One explanation is that women are more comfortable with their sexuality and their bodies at older ages, so they let their guard down and go for theirs. Another reason is that older women are more interested in exploring fantasies and enjoying sex, even more casual sex, once they age past the increased risk of pregnancy. We’re also less likely to accept being sexually shamed or mistreated for wanting to have sex and taking the lead on having it. If you find yourself in any situation where you encounter sexist or archaic ideas about women and sex, run! The more in control you feel, the more likely you are to be active and enjoy the sex you have.

There’s nothing wrong with having sex for pleasure’s sake; I strongly encourage it! Keeping it light with someone you primarily want to have sex with isn’t wrong. It’s important, though, to be honest with yourself and your partners about your true intentions. These days, it seems more people are looking for casual connections and maybe that’s all you need right now, especially if you’re still moving past a divorce or end of a serious relationship.

Just make sure you’re not settling for terrible sex, that you’re honest with your partners about your wants and needs, and you’re assertive and enthusiastic about consent. Use protection, insist upon it. Beware of any person who hesitates or puts up a fight when you proactively introduce barrier protections or suggest getting tested for STDs/STIs. Challenge yourself to explore beyond your comfort zone to try things you were too afraid of or nervous about when you were younger.


Finally, change up the ways you go about meeting potential partners. If you’ve never tried online dating, there are several options for you. Gather up your best selfies, inject your humor, and show the fullness of your personality. People often assume women over 40 aren’t as energetic or interested in having fun, but that simply isn’t true. Put on that sexy new outfit, go out dancing, buy someone a drink at the bar, and live your best life.

See someone attractive on an app? Send the first message. Join your local 40-plus Meetup group and try some new activities. Don’t sit around waiting for the perfect person to find you on your couch watching Netflix; you may be older, but you’re not dead yet!
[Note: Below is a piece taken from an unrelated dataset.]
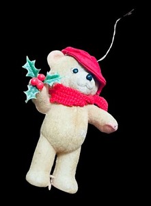 Vintage 80s BLOW MOLD Christmas bear flocked/Holly/scarf/cap Ornament 4”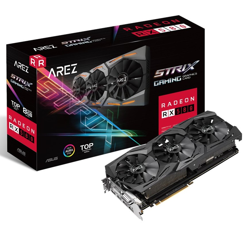 Descripción ASUS AREZ-STRIX-RX580-T8G-GAMING. Familia de procesadores de gráficos: AMD, Procesador gráfico: Radeon RX 580, Frecuencia del procesador: 1411 MHz. Capacidad memoria de adaptador gráfico: 8 GB, Tipo de memoria de adaptador gráfico: GDDR5, Ancho de datos: 256 bit. Máxima resolución: 7680 x 4320 Pixeles. Versión OpenGL: 4.5. Tipo de interfaz: PCI Express x16. Tipo de enfriamiento: Activo, Número de ventiladores: 3 Ventilador(es), Iluminación de color: Multi

Just make sure you let at least one friend know where you’re going and who you’re meeting up with; there are still some sketchy people out there and you don’t want to jeopardize your safety.

Turning 40 opened my eyes and changed my perspective on a lot of things. I’m taking the lessons I’ve learned from past relationships and prioritizing my wants and needs over those of others. You probably won’t meet the perfect person your first time out, but keep trying. It takes practice, so you might as well enjoy it while you’re figuring out what’s best for you in this new phase in your life.